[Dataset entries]
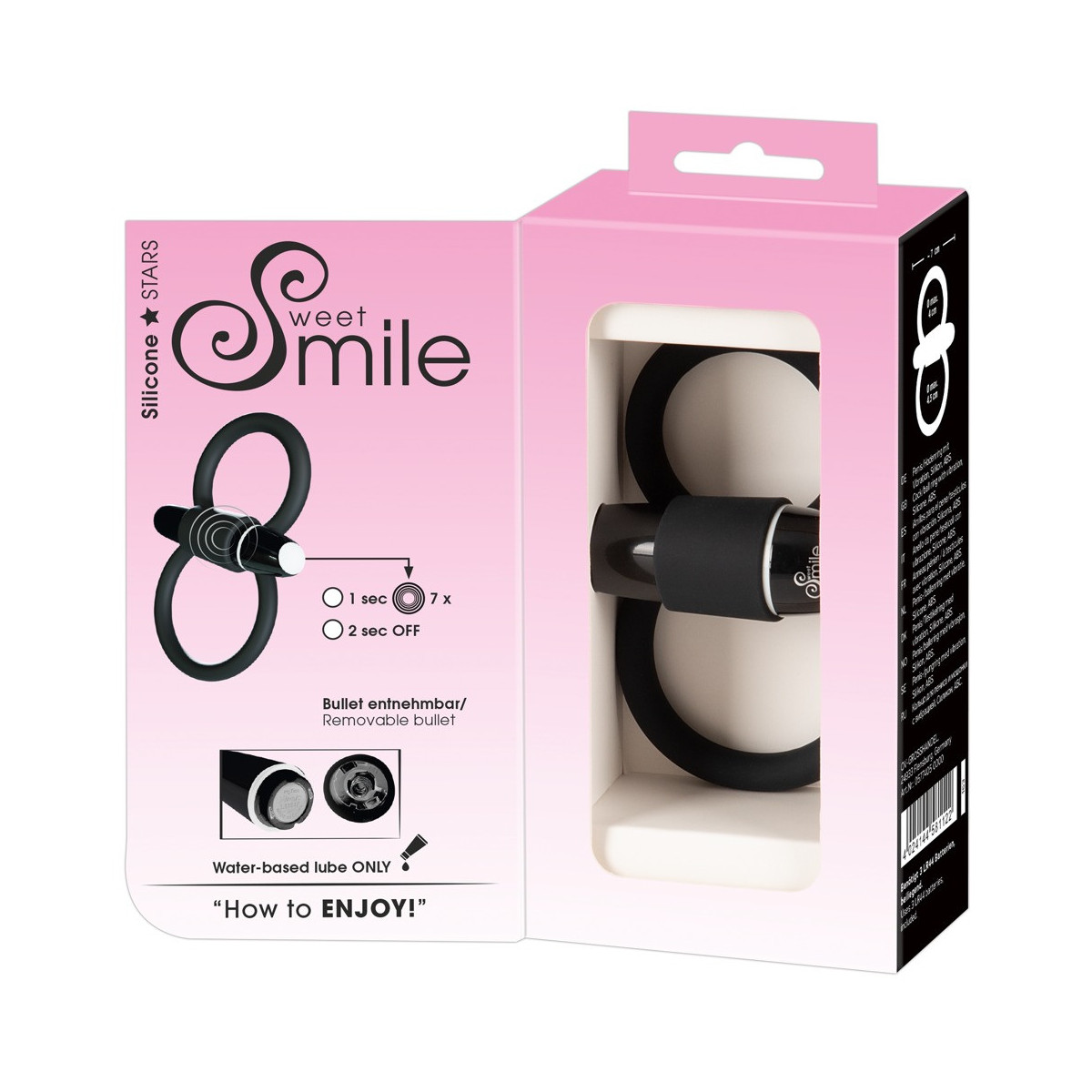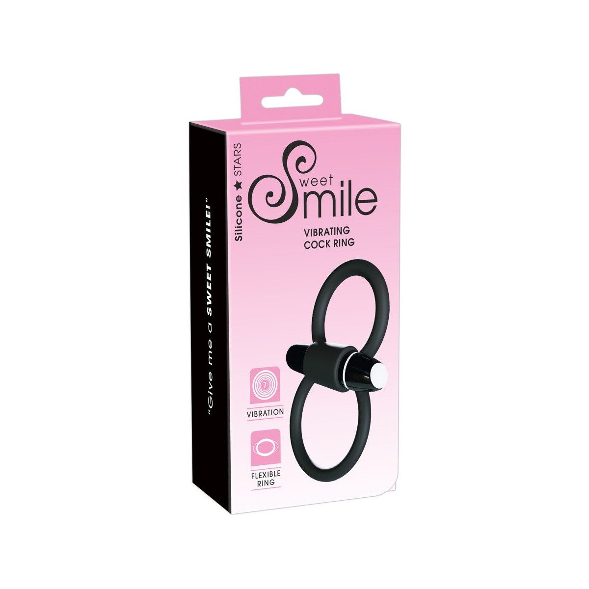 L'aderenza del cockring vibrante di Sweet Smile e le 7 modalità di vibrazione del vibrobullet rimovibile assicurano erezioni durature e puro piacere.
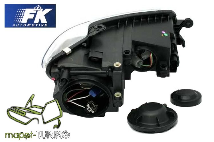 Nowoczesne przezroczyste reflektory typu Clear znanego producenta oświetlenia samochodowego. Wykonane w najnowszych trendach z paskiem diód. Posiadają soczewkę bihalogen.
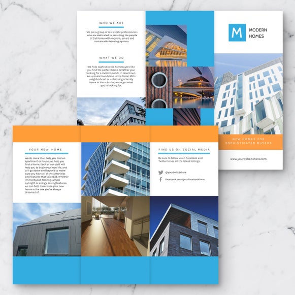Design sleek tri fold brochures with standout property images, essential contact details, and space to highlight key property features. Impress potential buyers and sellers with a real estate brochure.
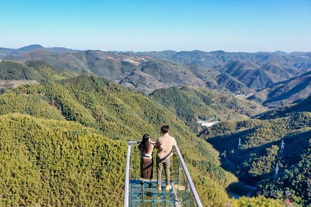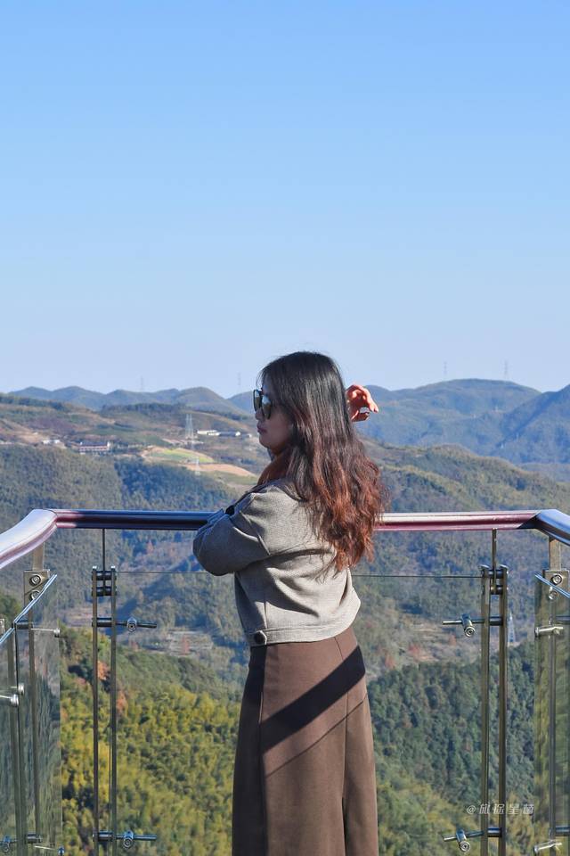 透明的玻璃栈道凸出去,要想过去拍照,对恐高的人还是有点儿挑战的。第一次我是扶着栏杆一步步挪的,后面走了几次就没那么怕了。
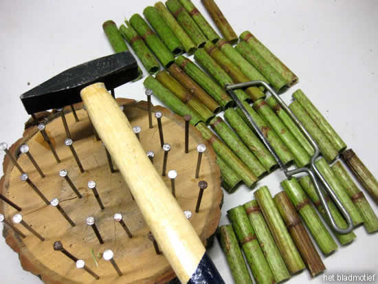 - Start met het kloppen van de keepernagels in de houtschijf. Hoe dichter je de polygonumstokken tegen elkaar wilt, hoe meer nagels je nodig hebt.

Task objective: What is needed here is each line above set down word for word, minus the images.

Written answer:
 L'aderenza del cockring vibrante di Sweet Smile e le 7 modalità di vibrazione del vibrobullet rimovibile assicurano erezioni durature e puro piacere.
 Nowoczesne przezroczyste reflektory typu Clear znanego producenta oświetlenia samochodowego. Wykonane w najnowszych trendach z paskiem diód. Posiadają soczewkę bihalogen.
Design sleek tri fold brochures with standout property images, essential contact details, and space to highlight key property features. Impress potential buyers and sellers with a real estate brochure.
 透明的玻璃栈道凸出去,要想过去拍照,对恐高的人还是有点儿挑战的。第一次我是扶着栏杆一步步挪的,后面走了几次就没那么怕了。
 - Start met het kloppen van de keepernagels in de houtschijf. Hoe dichter je de polygonumstokken tegen elkaar wilt, hoe meer nagels je nodig hebt.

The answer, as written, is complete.